This isn't a Kubernetes flaw. Isolation, resource enforcement, and security contexts exist for good reasons in multi-tenant managed clusters. The problem is that the permissive local environment creates invisible dependencies — on inherited environment variables, on unrestricted resources, on root file access — that your container never had to explicitly declare.

The fix isn't to make Kubernetes more permissive. It's to make your container honest about what it needs.

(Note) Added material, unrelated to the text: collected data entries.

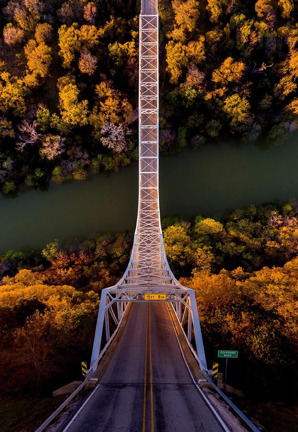 他將同一角度拍攝的航拍照片與普通的照片上下合并,創造出了類似于平行宇宙的效果。
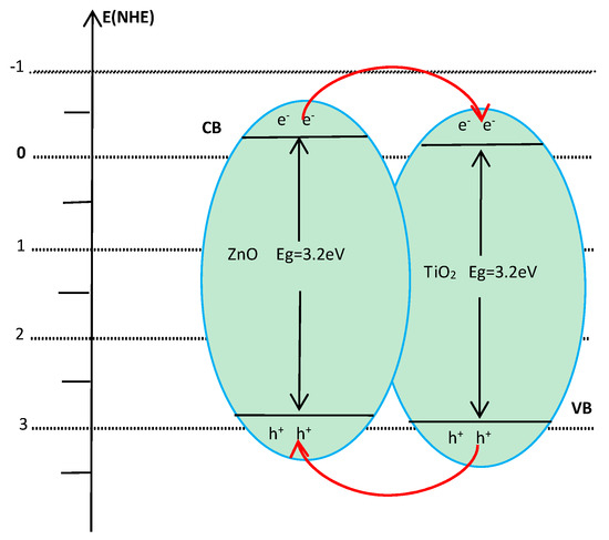 Coupling with another semiconductor is regarded as a good method to improve the photocatalytic activity of TiO2. Reportedly, ZnO is an excellent n-type semiconductor material exhibiting promising efficiency for photocatalytic oxidation of organic contamination. It is due to the intimate interfacial interaction between ZnO and TiO2 via chemical bonding that ZnO can uniformly graft on the surface of TiO2 to form the heterojunction. The mechanism for charge transfer in composite TiO2-ZnO film can be graphically shown in Figure 1. The slight negative shift of the ZnO band facilitates the injection of electrons from the CB of ZnO to the CB of TiO2, and the migration of holes from the VB of TiO2 to the VB of ZnO upon illumination, which effectively increase the availability of e− and h+ for targeted redox processes by reducing their recombination [10]. The technique may improve the photocatalytic performance of TiO2 in a certain extent, but still cannot meet the actual needs. In order to effectively photodegrade organic pollutants, other modification methods also need to be used.
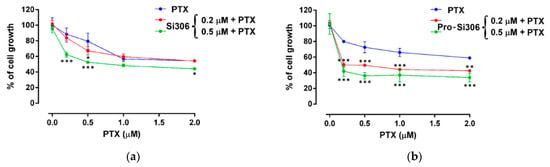Considering the potential of Si306 and pro-Si306 to inhibit P-gp function, we examined their ability to reverse paclitaxel (PTX) resistance in U87-TxR cells (Figure 4 and Table 3).
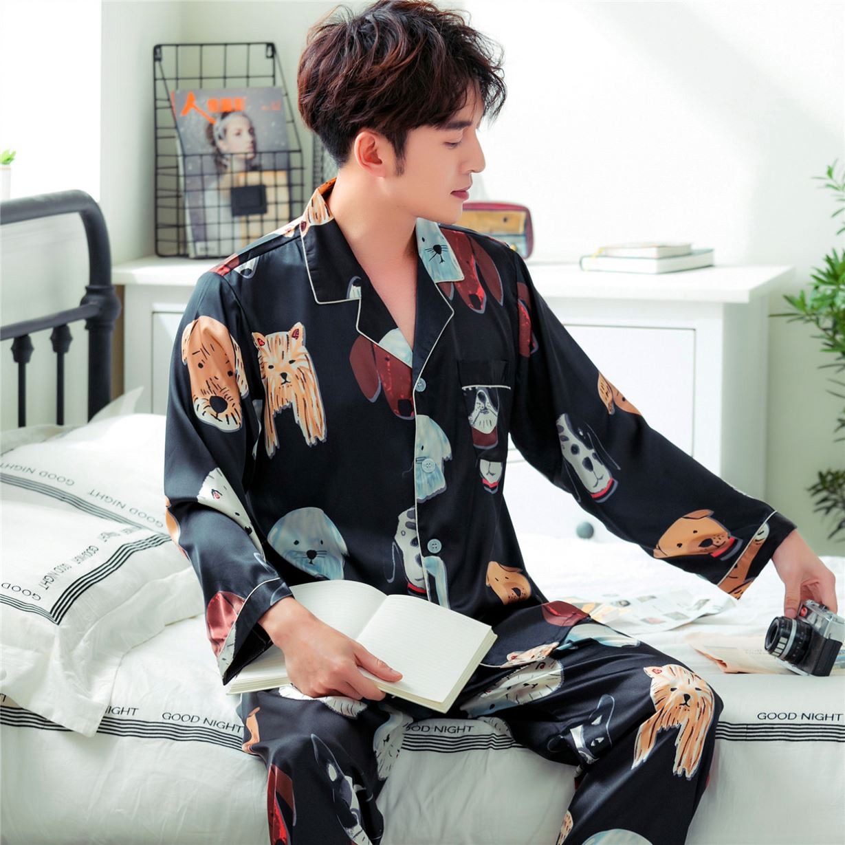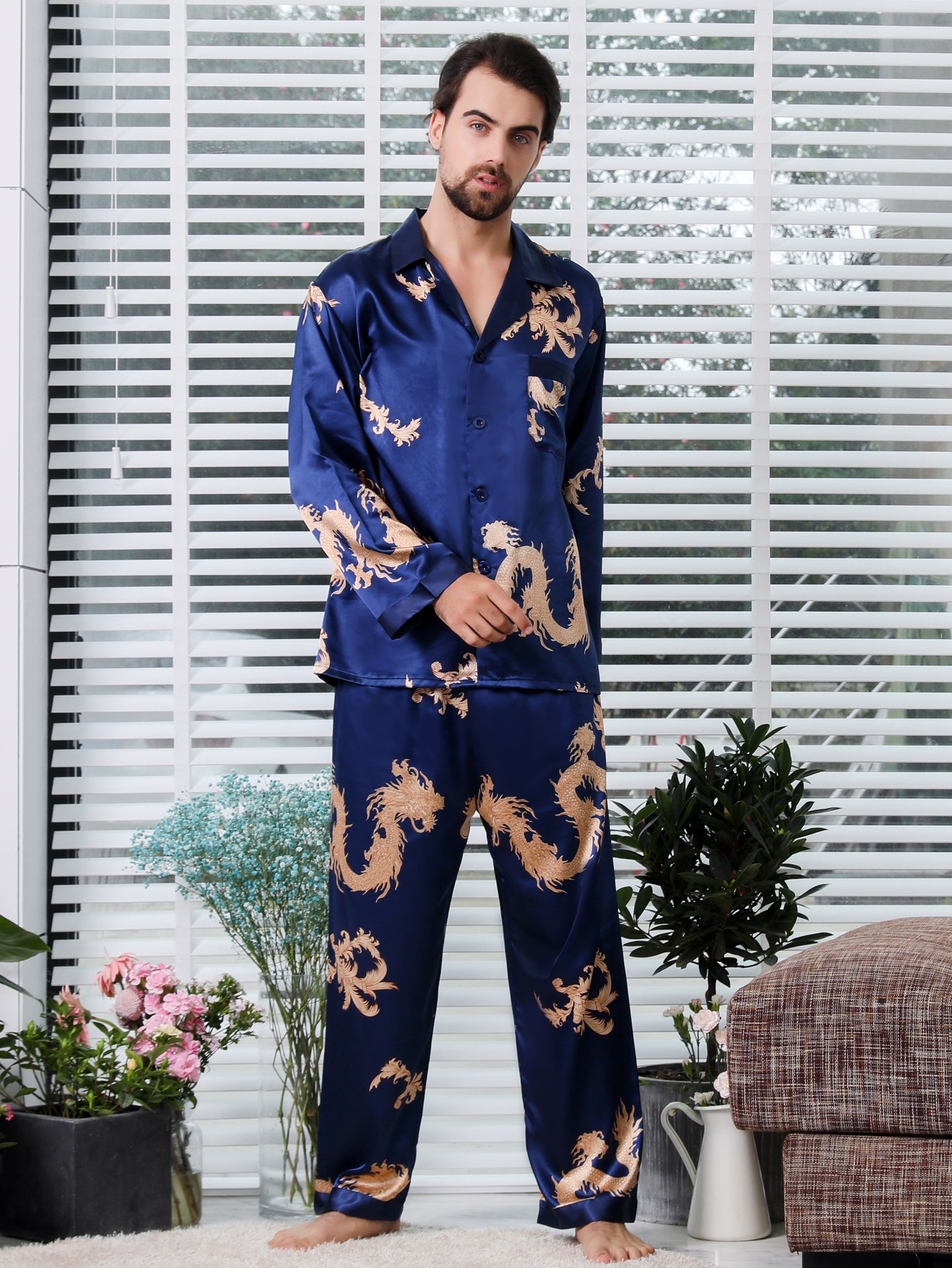 Мужчина в шелковой пижаме
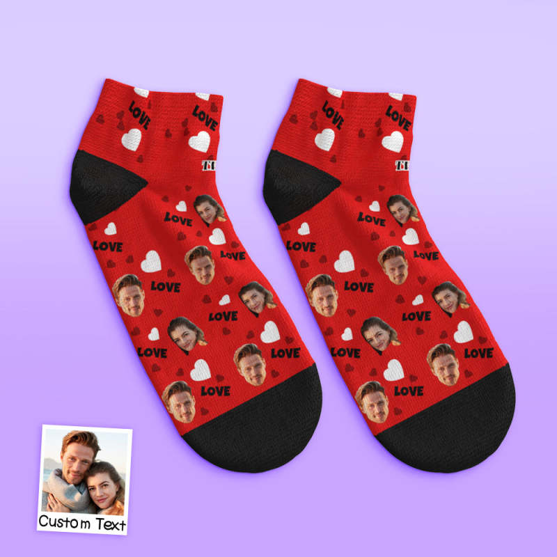 Custom Low Cut Ankle Face Socks For Family - Love
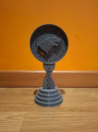 Soporte para auriculares de juego de tronos. - Base escalonada. - Soporte central con forma de reloj de arena. - Detalle del lobo de la casa Stark en la parte superior.
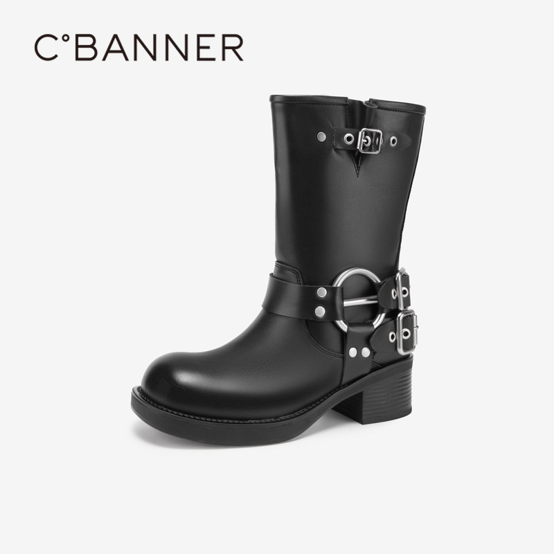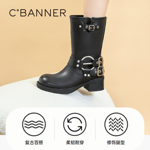 真皮 管靴女堆堆靴长筒靴骑士靴西部牛仔靴 骄屿皮带扣黑色中筒裤
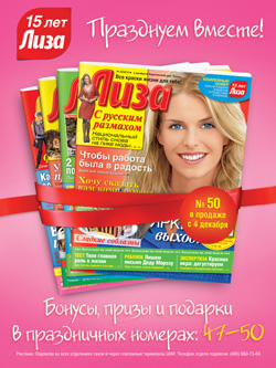 Самый популярный в России еженедельный журнал для женщин «Лиза» празднует в этом году 15-летие! Каждую неделю тиражом 720 000 экземпляров журнал выходит в объёме более 100 страниц. За 15 лет существования на Российском рынке, издание росло и менялось вместе с читательницами и стало за это время признанным лидером в своем сегменте. Еженедельная читательская аудитория одного номера составляет 3,5 миллиона человек.
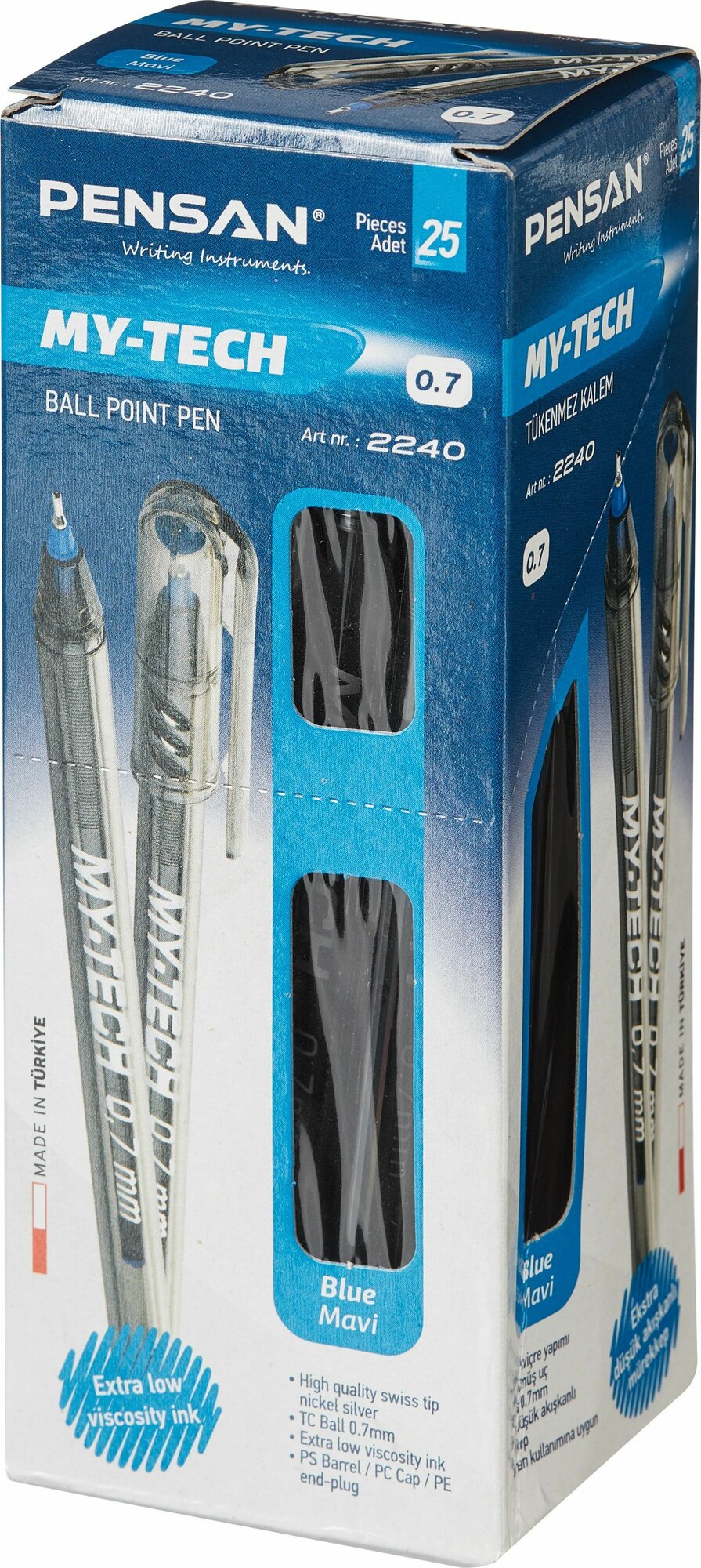 Ручки шариковые синие Pensan, масляные чернила, линия письма 0,35 мм, набор 25 шт
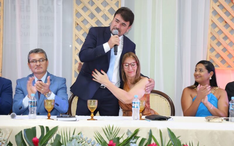 A prefeita reeleita de Cardoso Moreira, Geane Vincler (União Brasil), a vice-prefeita Neriete...
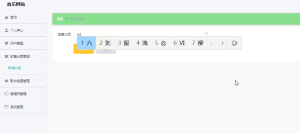 系统管理员可以查看对歌曲分类进行添加,修改,删除以及查询操作。具体界面如图5.2所示。
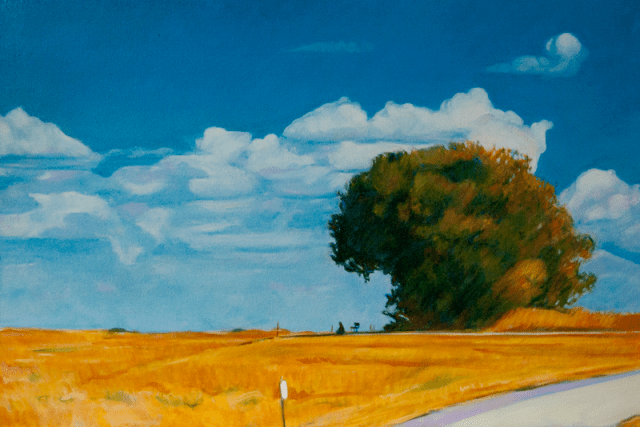 This painting captures the playground in the park at dusk. It’s a different approach for me; I don’t think I’ve ever tried to paint something in deep shadows and twilight before. It’s sort of like painting with colored mud. For me, the shadow area is turning into a place I can play with cubist motifs; using different shades of dark to push/pull the space.
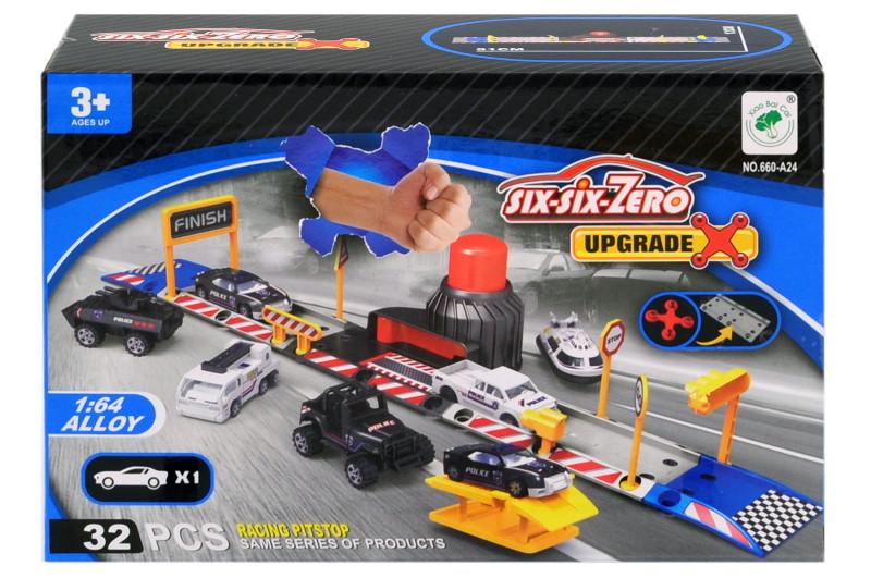 Во многих мальчиков любовь к автомобилям проявляется с раннего возраста. Если ваш ребенок тоже относится к фанатам гоночных автомобилей, поддержите его захвата, подарив ему крутой паркинг для машинок, который дополнит коллекцию. Набор точно удивит Ваших малышей своей функциональностью, а Вас приятной ценой. Машина едет по трассе, ее просматривают, а затем отпускают для продолжения нажатием специальной кнопки. В комплект входит одна полицейская машина, дорожные знаки и, конечно же, трасса для пит-стопа. Размер уже собранной конструкции 51х12 см. Состоит из 32 деталей. Так же в наборе с треком есть 1 машинка. Для детей от 3-х лет. Размер упаковки - 20*9,5*13 см.

Build containers that declare their requirements explicitly: environment variables, resource requests, security context, health check endpoints, DNS-based service addressing. Test them under production-like constraints before they reach the cluster. When a container works locally and fails in Kubernetes, the question isn't "what's wrong with Kubernetes" — it's "what assumption was my container making that I didn't know about."

Kubernetes just makes those assumptions visible. Usually at the worst possible time.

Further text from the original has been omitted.